Morelia, Michoacán
En un mensaje con fondo político y tono directo, Alfonso Martínez Alcázar colocó el dedo en la llaga: la crisis de seguridad que vive el país no es casualidad, sino resultado de años de “relajamiento, colusión y complicidad” de las autoridades.
Desde el Centro Administrativo de Morelia (CAM), tras la entrega de equipo y uniformes a la Policía Morelia, el alcalde no solo habló a sus elementos —a quienes pidió reforzar su autocuidado ante el riesgo que implica portar uniforme—, sino que lanzó un posicionamiento más amplio: México sigue sin atender el eslabón más básico de la seguridad, los municipios.
“La seguridad es el principal problema que le preocupa a los mexicanos”, afirmó, al referirse a la reciente reunión nacional de alcaldes panistas, donde —dijo— quedó claro que la crisis es generalizada y estructural.
En ese contexto, Martínez defendió el modelo de Morelia como una excepción que empieza a marcar ruta.
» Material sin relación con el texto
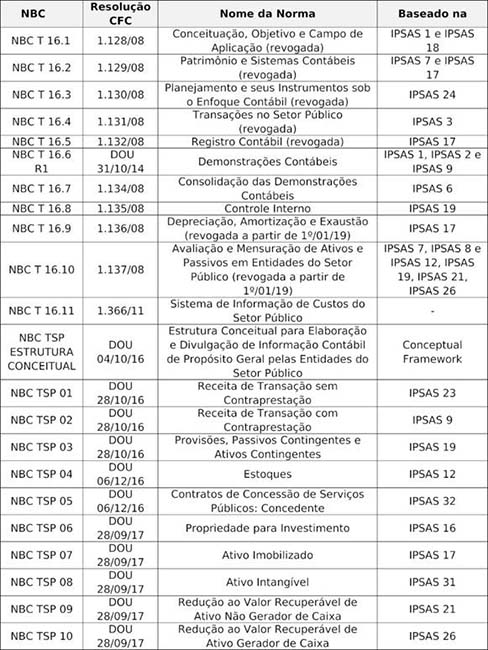 O CFC emitiu as Resoluções nº 1.128/08 a nº 1.137/08, correspondentes às NBC T 16.1 a NBC T 16.10, que tratam dos conceitos, objetivos, campo de aplicação das normas, patrimônio, planejamento, registro contábil, demonstrações contábeis, entre outros temas relevantes para o setor público. Por fim, em 2011 o CFC aprovou a NBC T 16.11 sob a Resolução CFC nº 1.366, que trata dos sistemas de informação de custos no setor público. Atualmente, as NBC T16.1 a 16.5 foram revogadas, conforme demonstrado no Quadro1, enquanto as NBC T16.9 e NBC T16.10, serão revogadas a partir de 1º/01/19.
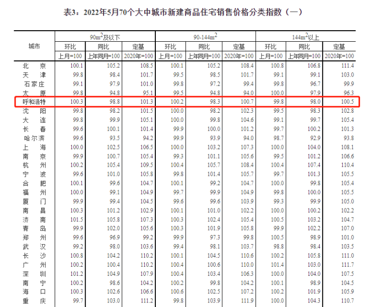 面积段来看,5月呼市90㎡及以下新建商品住宅销售价格指数回升,环比上涨0.3%,同比下降1.2%;

Presumió que tanto la justicia cívica como la policía de proximidad han sido replicadas en otras ciudades, al igual que su sistema de videovigilancia, que —aseguró— ya llegó incluso a la Ciudad de México.
El contraste lo puso en cifras: mientras a Morelia le ofrecían un sistema de 600 cámaras por 300 millones de pesos, el municipio instaló mil 800 con apenas 24 millones. “Es un ahorro multimillonario que hoy se está replicando en todo el país”, sostuvo.
Pero más allá de los números, el mensaje fue político: si no se fortalece a las policías municipales, cualquier estrategia nacional será insuficiente.
“Mandar fuerzas federales a lugares que no conocen es limitado. Los que saben dónde está cada colonia, cómo llegar y cómo reaccionar son los policías locales”, argumentó. Sin respaldo económico ni programas federales —añadió— los municipios enfrentan solos la carga de la seguridad.
En medio del debate nacional, el alcalde también defendió los resultados de su administración. Aseguró que Morelia mejoró 16% en percepción de seguridad, de acuerdo con el INEGI, y sostuvo que su corporación está entre las mejor evaluadas del país.
Sobre delitos como la extorsión, atajó: no es una constante en la capital, aunque reconoció que ningún municipio está exento. “Estamos atentos a cualquier denuncia”, dijo, al referirse a un video que circula en redes.